Gene Kim: To set up the next talk, I want to share some of my reactions to the recent XZ incident, which my friend Daniel Miessler called movie-level shit, forgive my language. In other words, it was a software supply chain attack that almost resulted in a remote code execution vulnerability in OpenSSH, detected only by accident.

Daniel called it movie-level because it was an epic long game featuring accomplices, elements of social engineering, and an attempt to compromise, oh, I don't know, potentially every server on the planet.

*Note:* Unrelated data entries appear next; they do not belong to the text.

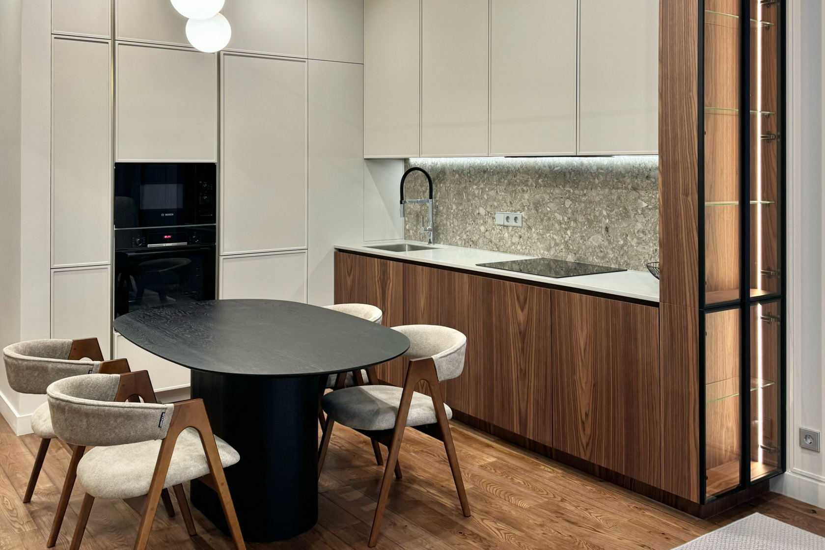 Независимо от выбранной стилистики, на первом месте при создании мебели всегда стоят нормы эргономики. Грамотно спроектированная кухня должна быть удобной в использовании и привлекательной визуально. Оптимальное распределение элементов гарнитура в пространстве помещения позволит легко перемещаться между рабочими зонами, а современные технологии гарантируют комфорт приготовления пищи, хранения различных аксессуаров.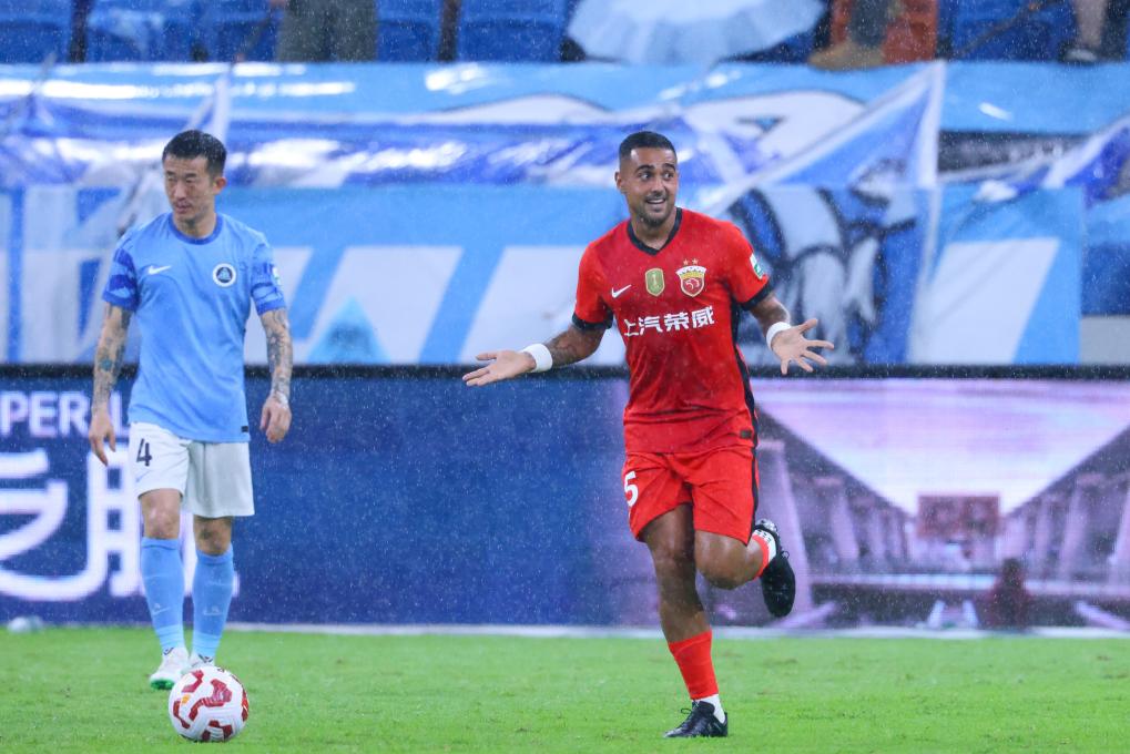 6月30日,上海海港隊球員萊昂納多(右)在比賽中慶祝進球。新華社發(彭志剛 攝)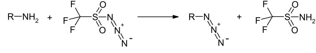 Keywords: Trifluoromethanesulfonyl azide reaction02.svg en Formation of organic azides from amines and trifluoromethanesulfonylazide de Herstellung von organischen Aziden durch Umsetzung von Aminen mit Trifluormethansulfonylazid own Steffen 962 2015-01-18 PD-chem Trifluoromethanesulfonyl azide Chemical syntheses Cc-zero |

I think stories like this underscore some pretty sobering problems that anyone using open source software faces, which, by many estimates, are 95% of all the software we run in production.

So up next is Boris Cipot, Senior Security Engineer at Synopsys, to teach us about the epic level of cybersecurity issues that every modern technology faces. Cool.

Boris Cipot

Boris Cipot: Thank you very much for taking your time to listen to me today. I will talk about cyber threats that became, or become, unwanted real-life Hollywood blockbusters. My name is Boris Cipot, and I'm the Senior Security Engineer at Synopsys.

One thing I have to clear out before we start is: by attending this presentation, your data will be shared by the organizers of this event, and Synopsys may contact you about products and services you may be interested in. You can unsubscribe also at any time.

But now let's get back to the presentation itself. We will try to understand the threats, learn best practices on resolving the issues, and see how the problems that we have today in the cybersecurity space can be addressed. Of course, it's not something that started to happen today. This is already going on for years.

Why I want to present it as a Hollywood blockbuster: well, I myself enjoy a good cybersecurity Hollywood blockbuster where you have the cyber criminal or cyber expert that tries to hunt the criminal, and you have then the police guy that is protecting somebody and hunting the bad guy in the end. And the worst thing that we see in those movies is how a cyber criminal can bring down whole states or cities or the infrastructure.

Many times we feel that this is exaggerated, that this can never happen. On the other hand, we are living in those hacks. We are living in those times where software is dictating our daily lives, even deciding on our care and health. Therefore, it's really important that this software is kept safe.

We know about Heartbleed. As I said, those situations are not coming from today. There was an OpenSSL library vulnerability that was leaking out the data already 10 years ago. Why I decided to show it today: it was, in April, the 10th-year anniversary of this vulnerability being known. However, the vulnerability at the time when it was known in 2014 was already living in systems for several years.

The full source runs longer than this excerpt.